- [Exercise brief]:
The lines wanted are those from the one containing "Pościel Bawełniana 180x200cm" to the last line of the entries below; output them exactly, leaving out pictures.

Start of Records supplied

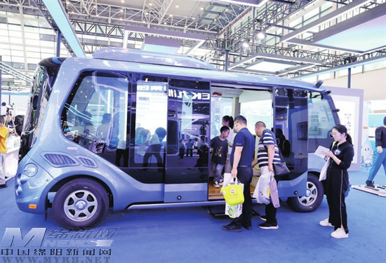 9月28日,在第十三屆中國(guó)(綿陽)科博會(huì)上,觀眾體驗(yàn)無人駕駛汽車。
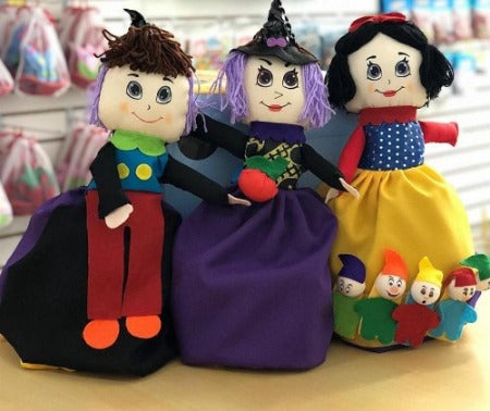 Uma boneca da branca de neve, de tecido, totalmente artesanal, e que possui na saia do seu vestido, os dedoches dos sete anões, preso com velcro. ...
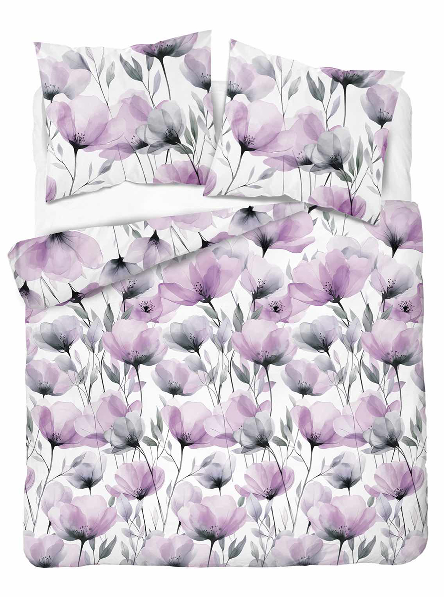 Pościel Bawełniana 180x200cm Kwiaty fiołkowe na jasnym tle
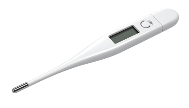 Digital thermometer with LCD display and power button, isolated on a transparent background
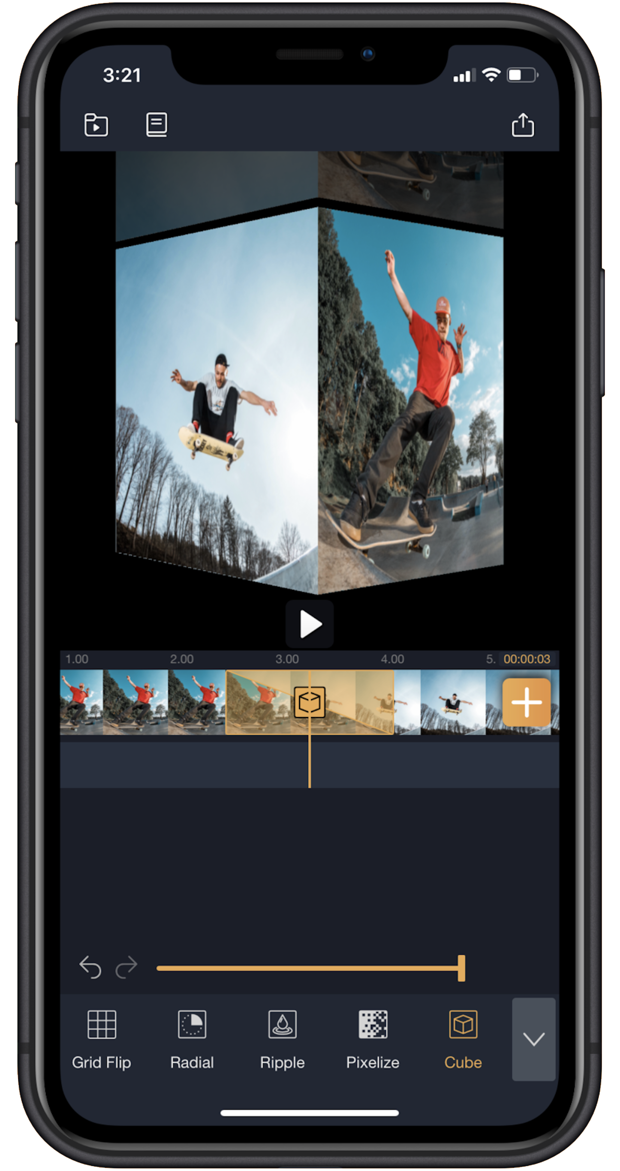 Split video, Delete a part, Adjust speed for fast and slow motion.
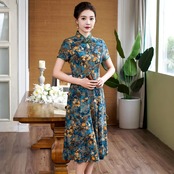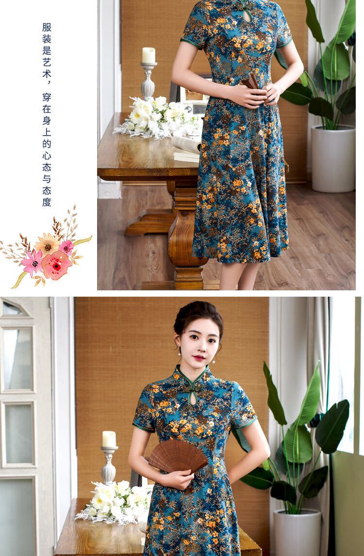 夏のライトラグジュアリーチャイナドレスレディースウエスタンスタイルミドルレングスチャイナスタイル年齢を減らすプラスサイズの半袖プリントドレス卸売 大きめサイズ サマー 夏物 スカート suifa26281849252 | shop CFT

End of Records supplied

- [Answer area]:
 Pościel Bawełniana 180x200cm Kwiaty fiołkowe na jasnym tle
 Digital thermometer with LCD display and power button, isolated on a transparent background
 Split video, Delete a part, Adjust speed for fast and slow motion.
 夏のライトラグジュアリーチャイナドレスレディースウエスタンスタイルミドルレングスチャイナスタイル年齢を減らすプラスサイズの半袖プリントドレス卸売 大きめサイズ サマー 夏物 スカート suifa26281849252 | shop CFT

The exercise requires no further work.